== TASK MATERIAL ==
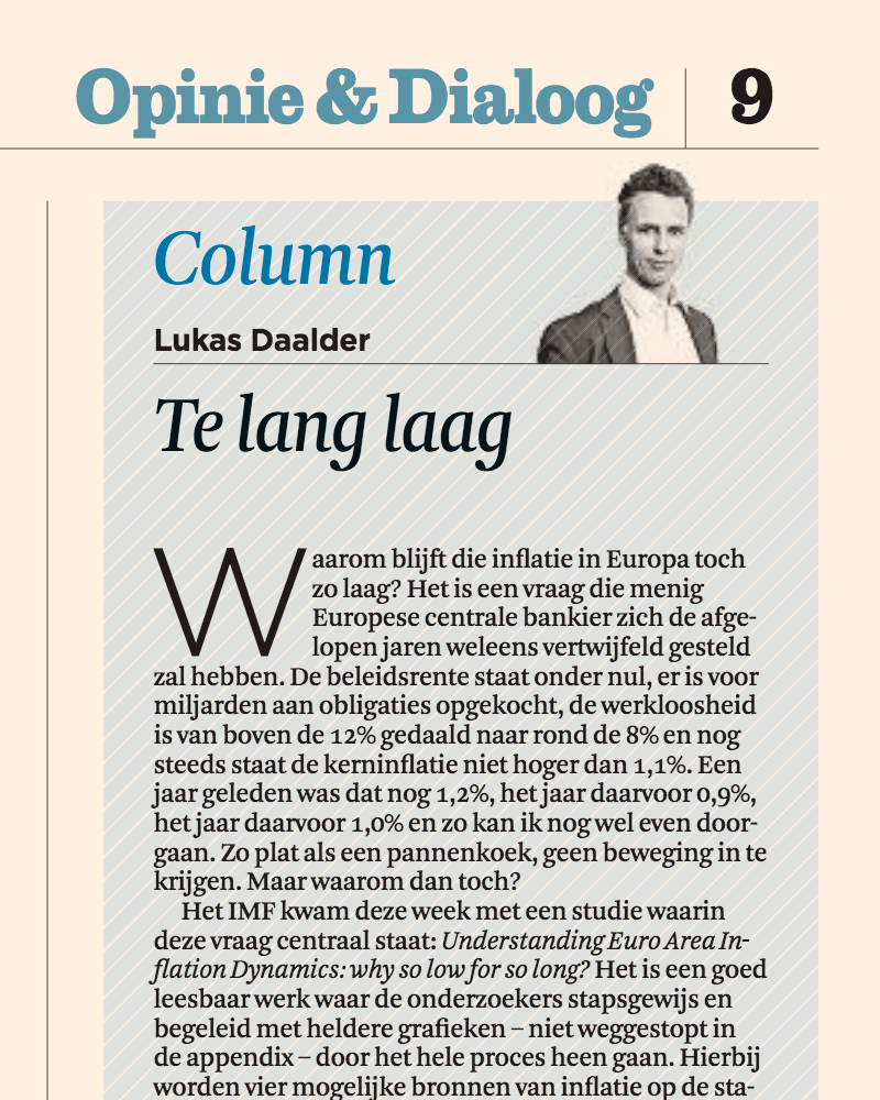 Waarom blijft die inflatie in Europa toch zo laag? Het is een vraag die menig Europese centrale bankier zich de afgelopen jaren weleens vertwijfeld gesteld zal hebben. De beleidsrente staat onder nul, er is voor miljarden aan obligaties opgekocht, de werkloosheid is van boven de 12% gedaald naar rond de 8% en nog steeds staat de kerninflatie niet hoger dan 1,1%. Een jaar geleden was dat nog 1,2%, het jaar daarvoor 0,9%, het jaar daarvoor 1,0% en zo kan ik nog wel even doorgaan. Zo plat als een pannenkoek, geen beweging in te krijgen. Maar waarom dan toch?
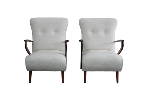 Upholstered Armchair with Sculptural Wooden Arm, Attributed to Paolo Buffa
* * *
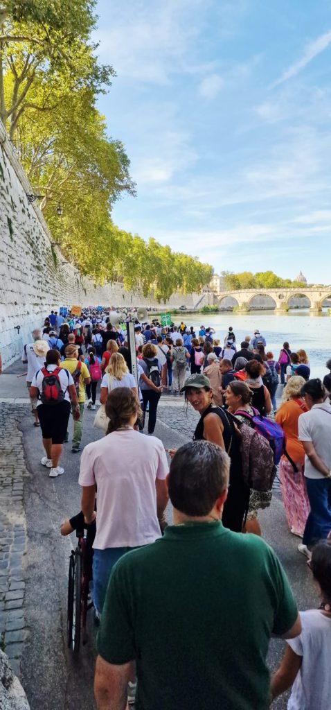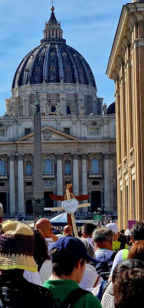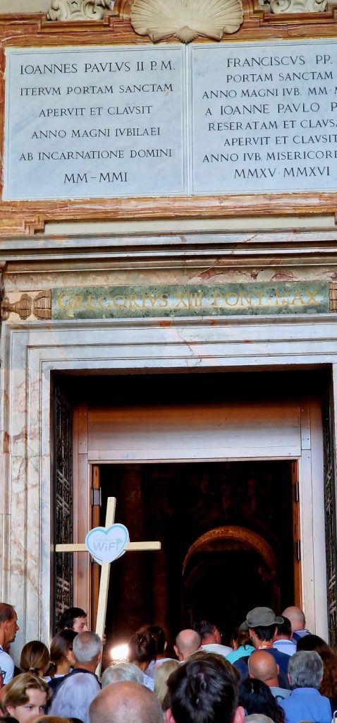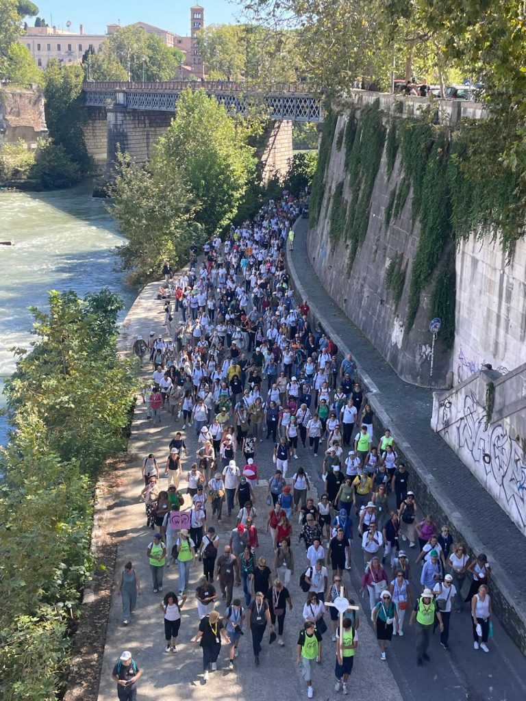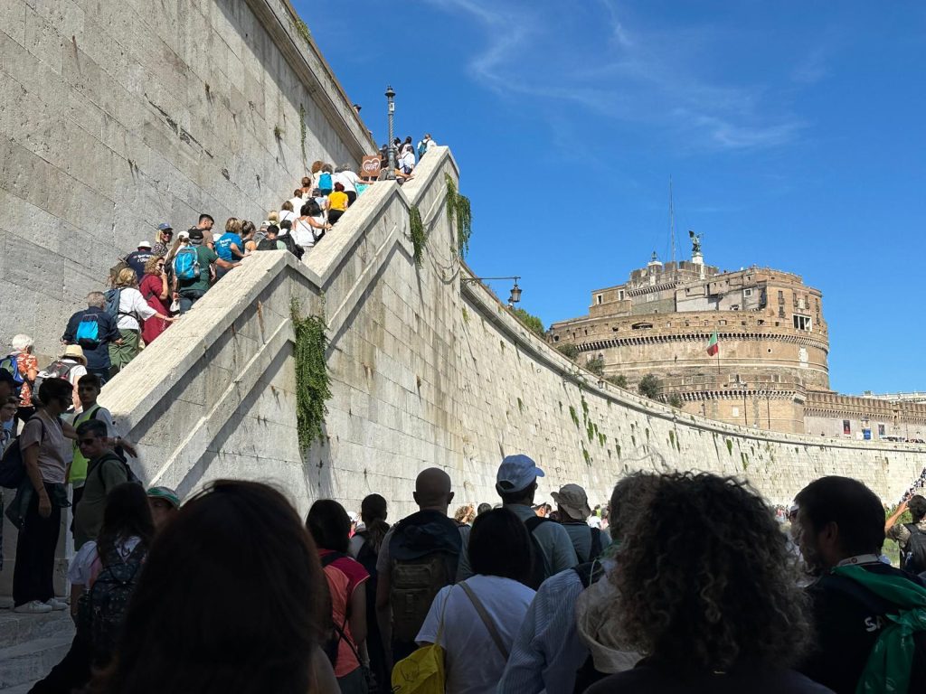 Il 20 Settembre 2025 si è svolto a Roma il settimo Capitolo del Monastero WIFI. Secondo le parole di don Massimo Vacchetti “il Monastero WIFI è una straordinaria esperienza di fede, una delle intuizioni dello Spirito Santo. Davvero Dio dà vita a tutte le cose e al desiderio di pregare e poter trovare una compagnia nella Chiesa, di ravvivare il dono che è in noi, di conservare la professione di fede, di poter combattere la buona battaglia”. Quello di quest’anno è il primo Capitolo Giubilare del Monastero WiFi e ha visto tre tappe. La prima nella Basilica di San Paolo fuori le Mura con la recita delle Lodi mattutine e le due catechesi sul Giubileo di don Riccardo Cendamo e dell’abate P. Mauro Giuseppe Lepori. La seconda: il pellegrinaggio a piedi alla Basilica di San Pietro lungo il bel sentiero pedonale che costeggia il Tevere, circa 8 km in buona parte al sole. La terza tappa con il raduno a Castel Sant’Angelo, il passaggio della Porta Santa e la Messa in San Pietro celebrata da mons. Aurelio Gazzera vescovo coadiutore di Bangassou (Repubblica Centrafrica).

== WORK TO BE COMPLETED ==
Copy the entries above exactly, but only the stretch from the line containing "Waarom blijft die" through the line containing "Upholstered Armchair with". Keep both end lines; drop the pictures.

== YOUR RESPONSE ==
 Waarom blijft die inflatie in Europa toch zo laag? Het is een vraag die menig Europese centrale bankier zich de afgelopen jaren weleens vertwijfeld gesteld zal hebben. De beleidsrente staat onder nul, er is voor miljarden aan obligaties opgekocht, de werkloosheid is van boven de 12% gedaald naar rond de 8% en nog steeds staat de kerninflatie niet hoger dan 1,1%. Een jaar geleden was dat nog 1,2%, het jaar daarvoor 0,9%, het jaar daarvoor 1,0% en zo kan ik nog wel even doorgaan. Zo plat als een pannenkoek, geen beweging in te krijgen. Maar waarom dan toch?
 Upholstered Armchair with Sculptural Wooden Arm, Attributed to Paolo Buffa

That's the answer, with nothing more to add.